The stimuli were presented at 65 dB SpRefL (for 66 infants), 75 dB SpRefL (29 infants), and either 79 dB SpRefL (MF stimulus, 8 infants) or 85 dB SpRefL (HF stimulus, 8 infants). Throughout the CAEP test, an experienced paediatric audiologist aimed to keep the infant's attention facing towards the loudspeaker by using a selection of silent toys. The stimuli were then presented repeatedly until 20 artefact-free epochs had been recorded using an artefact rejection threshold of ± 110 μV and a band-pass filter of 1–100 Hz. A total of four blocks for the MF stimulus and four for the HF stimulus were presented using an interleaved approach. This procedure was then repeated, with the stimulus order reversed, giving 160 artefact-free epochs, per stimulus (although in some recordings there were 159 epochs). The full CAEP test procedure was repeated within seven days. If the repeat session was on the same day, a break of at least 1 h was given before starting the next session. Finally, CAEP measurements were made using electrodes placed at the high forehead (Fpz; active electrode), the right mastoid (reference electrode), and the left mastoid (ground electrode), and were recorded at a sampling rate of 30 kHz (downsampled to 500 Hz for further analysis) using the Eclipse system (Interacoustics, Middelfart, Denmark). Data were filtered offline from 1 to 15 Hz using 3rd-order Butterworth filters. Ethics approval was obtained from the North West National Research Ethics Service Ethics Committee (reference 15/NW/0736).

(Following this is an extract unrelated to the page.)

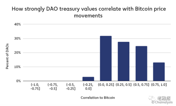 DAO库房价值也与比特币价格走势相当相关。38%的链上DAO国债与比特币的关联度在0.5和1.00之间。

Visual Reinforcement Audiometry
To determine the audibility of the stimuli presented during the CAEP sessions, aided behavioral hearing thresholds to the same stimuli were estimated using visual reinforcement audiometry (VRA; BSA, 2014). As VRA requires behavioral conditioning, it was performed several months after the CAEP sessions. Infants were aged between 7.4 and 21 months, with a mean age of 10.8 months. VRA was performed by two experienced pediatric audiologists who followed the British Society of Audiology recommended procedure as a guideline (BSA, 2014). During the VRA sessions, stimuli were presented at a rate of 4 Hz using the same set-up previously described for the aided CAEP sessions. Infants were first conditioned at a high test level with simultaneous presentation of a visual reinforcer. An adaptive procedure was then used to find threshold in 5 dB step sizes. One audiologist kept the child's quiet attention in the room, and the other controlled the sounds from the observation room, and judged when a response was present. Intermittent control trials and long gaps were included to judge for false responses, but the tester was not blind to these. At the VRA session, standard hearing aid checks, otoscopy examinations, and tympanometry examinations were again carried out. If hearing aid settings had changed since the CAEP sessions, the VRA was performed while wearing temporary hearing aids of the same model as used during the CAEP session and set to their previous settings. Hearing aid settings were also checked in a test box for consistency between the CAEP and VRA sessions. The decibel Sensation Level (dB SL) was estimated as CAEP presentation level minus the aided VRA-estimated behavioral threshold, both recorded in dB SpRefL in the sound field.
Which Participants to Include
To accurately evaluate the performance of the detection methods, it is important that the estimated audibility of the CAEP stimuli is accurate. Participants were therefore excluded if the dB SL of the CAEP stimulus could not be accurately estimated. More specifically, the criteria for exclusion were: (i) middle ear dysfunction during CAEP or VRA test sessions, which could affect the recorded sensation level, (ii) progressive or fluctuating hearing loss between the sessions, and/or (iii) unreliable or missing behavioral thresholds. Additionally, one infant was excluded who was not aided at the time of the CAEP test, and another who used a bone conduction hearing aid. This resulted in a total of 59 and 57 infants with reliable dB SL estimates for the MF and HF stimuli, respectively (Table 1). Two recordings were available per participant giving a total of 118 recordings from 59 participants for MF, and 114 recordings from 57 infants for HF.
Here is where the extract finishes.